Wednesday, October 19, 2005

Latest Plame Absurdities

Read the link for Jacob Weisberg's absurd argument on the Plame case. He joins Richard Cohen and others in the growing right-wing push back against the Plame investigation. It is curious to note that only now, as indictments are apparently in the works, do these folks discover that there is something wrong with the Fitzgerald investigation of the Plame affair. And what is the reasoning they give. Weisberg argues that it is ridiculous to believe that Rove and company could have done the deed because
anyone who worked for Bush and talked to reporters about Plame namely Rove or Scooter Libby, the vice president's chief of staff knew she was undercover. And as nasty as they might be, it's not really thinkable that they would have known. You need a pretty low opinion of people in the White House to imagine they would knowingly foster the possible assassination of CIA assets in other countries for the sake of retaliation against someone who wrote an op-ed they didn't like in the New York Times.
So according to Weisberg reasoning it is unreasonable to believe that any of these people would have knowingly revealed Valerie Plame's name because of the horrible damage that it could do to US national security.
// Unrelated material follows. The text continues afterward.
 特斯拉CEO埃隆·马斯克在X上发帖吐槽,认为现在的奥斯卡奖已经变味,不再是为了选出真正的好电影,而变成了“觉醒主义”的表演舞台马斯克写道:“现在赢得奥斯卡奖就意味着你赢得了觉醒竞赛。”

But at the same time he argues that the only law that could have been broken was "a flawed piece of legislation called the Intelligence Identities Protection Act." which "As Jack Shafer has written, this 1982 law is almost impossible to break ...". Excuse me, but isn't it just a tad odd that these acts which would be so damaging to US national security are illegal only under a law which is impossible to break. That prior to 1982 there was nothing on the books to make it illegal, for anyone, to reveal the name of a covert CIA agent.

Let me offer a slightly different perspective. When Robert Novak published his July 2003 editorial revealing that Valerie Plame worked undercover for the CIA we immediately had substantial evidence that someone had committed a crime. While it might be possible to reveal the name of an undercover CIA agent without committing a crime, in general doing so involves someone acting illegally. Patrick Fitzgerald was then empowered to investigate the matter and to determine what crimes were committed and by whom. He is doing that job.